Publicado el 16 agosto 2019 por Angeles

Conocí a Augusto de la Torre en el club de lectura. Me llamó la atención desde el primer momento, porque era muy hablador, muy extrovertido, y parecía tener muchos conocimientos. Era educado y agradable, aunque al mismo tiempo, no sabía yo por qué,  me transmitía una sensación sutil, difusa, de incomodidad. Pensé que esto se debía a que me abrumaba su sociabilidad y su formidable seguridad en sí mismo.
Un día me invitó a cenar. Me sorprendió, porque en realidad no nos conocíamos, sólo nos habíamos visto tres veces en tres meses, el tiempo que yo llevaba asistiendo al club de lectura, y no habíamos mantenido ninguna conversación al margen de la tertulia. Pero dada la buena impresión general que tenía de él, acepté la invitación, pensando que podríamos pasar una rato agradable charlando de literatura.
Sin embargo, durante la cena Augusto de la Torre se reveló  como un extraordinario juzgamundos, contándome detalles que yo no le pedía sobre los compañeros del club de lectura, y criticándolos, desde su atalaya moral, por un motivo u otro. No obstante, su tema de conversación preferido era él mismo. Me contó toda su vida, me habló de sus éxitos profesionales y personales, que eran muchísimos por lo visto, y de lo bien que lo pasaba. Porque su forma de vivir, hedonista y egocéntrica según pude colegir, era, decía él,  la más lógica y la más sabia. 

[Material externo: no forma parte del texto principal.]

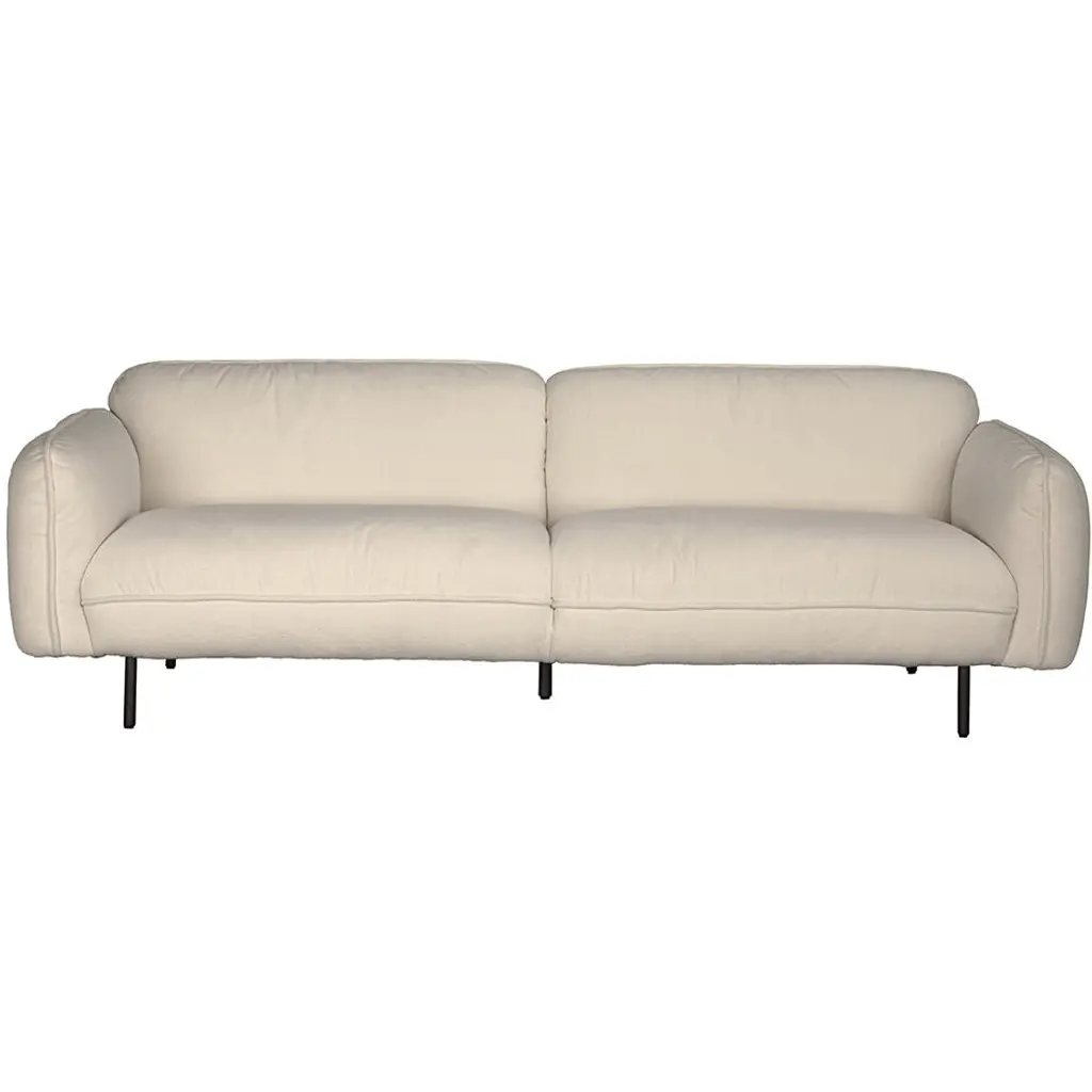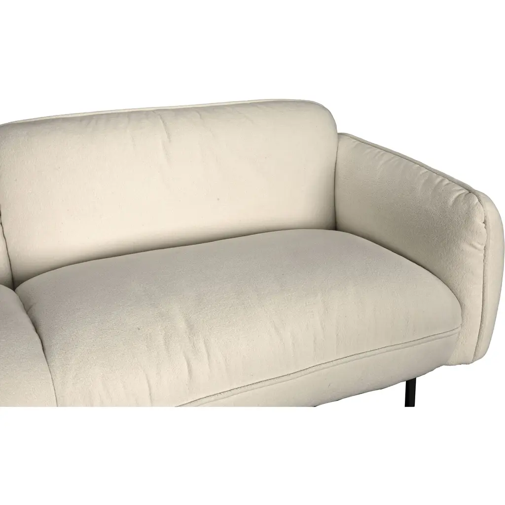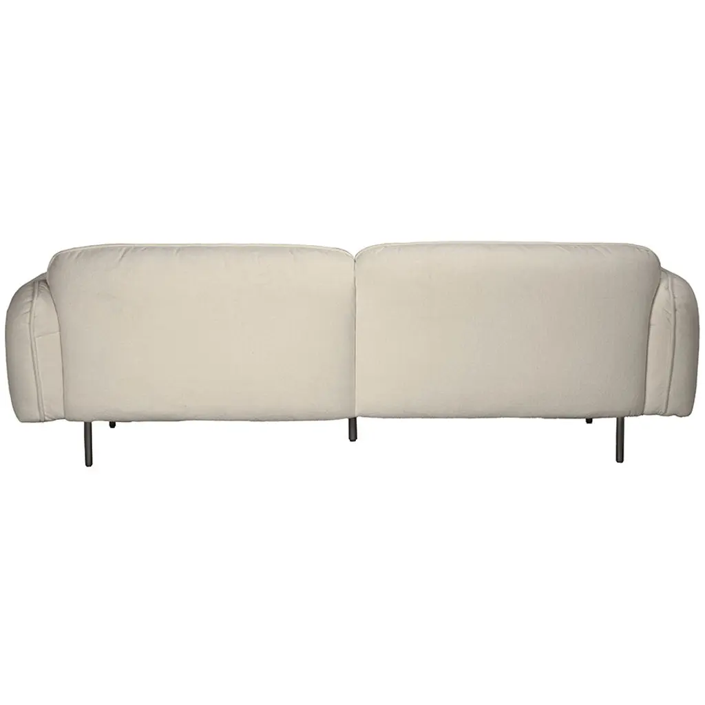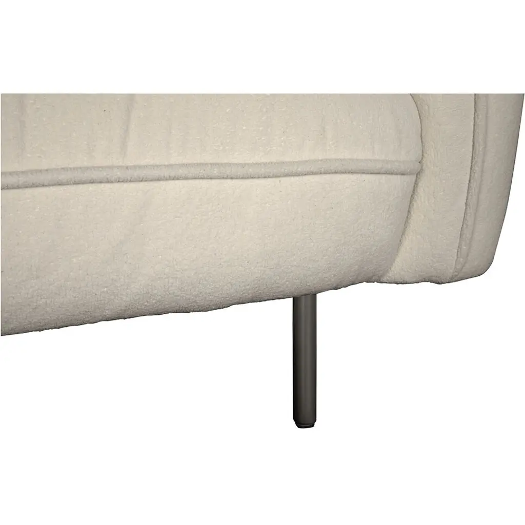 Upholstered in soft, off-white performance chenille, its textured surface contrasts beautifully with a subtle iron grey powder-coated base.

También se pintaba a sí mismo como una persona de mentalidad abierta, respetuosa y defensora del vive y deja vivir, mientras, paradójicamente, despreciaba a quienes vivían y se comportaban de cualquier manera distinta a la suya. Así que volví a casa decepcionada y molesta por la forma cínica en que este zascandil se gloriaba y se presentaba  como lo contrario de lo que era.

Seguí viéndolo una vez al mes en el club de lectura, y aunque volvió a invitarme a salir ya no acepté. En las tertulias nos parecía cada vez más vocinglero, pomposo y superficial, y empezaba a resultarnos cargante. Sin embargo, cuando al terminar cada reunión nos despedíamos todos en la puerta de la librería, yo lo miraba mientras se iba, y lo veía marchar, caminando con aplomo, las manos en los bolsillos y la cabeza erguida. Y me daba pena, tan ufano, tan convencido de sus méritos, tan ignorante y tan solo.